A Tale of Two Cities, Charles Dickens.
Source: Bloomberg.
Source: Wall Street Journal.
The opening quote, set against recent news headlines, captures well the contrasting fortunes of flexible (or “flex”) office providers IWG Plc (IWG) and WeWork Inc (WEWKQ), but for those who might prefer a more visual representation the below chart perhaps best conveys how stark the contrast truly is:
Since its debut on the NYSE on 21 October 2021, WEWKQ (aka WE before it filed for Chapter 11 bankruptcy last month), has lost ~99.9% of its public market value, or approximately $9.2bn, an astonishing case of value destruction. Unfortunately, this only tells half the story, as the true extent of the value destruction is much worse in private-to-public value terms; WE was valued at $47bn back in 2019 in a Softbank-sponsored funding round, which implies a total collapse in value of $46.9bn and an effective wipe-out of the equity based on WEWKQ’s current market cap of ~$13m.
More incredible still is the fact that the recent Chapter 11 filing is not WEWKQ's first implosion. It previously botched a much-hyped IPO in September 2019, which in hindsight perhaps signaled the beginning of the end (it remains to be seen what might emerge from bankruptcy). Indeed the fact that WEWKQ’s going public was achieved not via a “box-office” IPO but by the more dubious route of a SPAC merger perhaps foreshadowed its eventual failure.

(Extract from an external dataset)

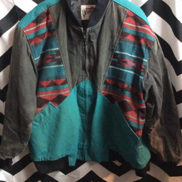 Jacket, zip-up, canvas, Aztec design panels, striped wool lining, teal/black/red/white, size XL
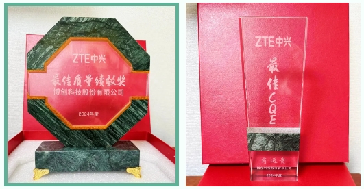 博創(chuàng)科技憑借在產(chǎn)品質量管控和持續(xù)改進方面的杰出表現(xiàn),榮獲中興通訊“最佳質量績效獎”,質量部CQE主管肖運貴榮獲中興通訊“最佳CQE獎”。這兩個獎項的獲得,是對博創(chuàng)科技長期以來堅持高標準、嚴要求質量管理的充分肯定。

As an aside, looking back over WE/WEWQK’s boom-to-bust story I’d argue it can lay claim to the ignominious title of being the ultimate bubble company given it straddled perhaps the three most egregious market bubbles of the last market cycle – it was the posterboy of the VC/tech-unicorn bubble, the highest profile SPAC blow-up amid the SPAC boom of 2020/2021, and the highest profile casualty (to date) of the post-pandemic office CRE bust.
The background to WEWKQ’s downfall is well documented, spanning a movie, two books and countless financial media articles, and so it’s beyond the scope of this write-up to delve into what went wrong. However for those interested in the current bankruptcy process, I’d highly recommend reading Petition’s excellent discussion of the situation here and here.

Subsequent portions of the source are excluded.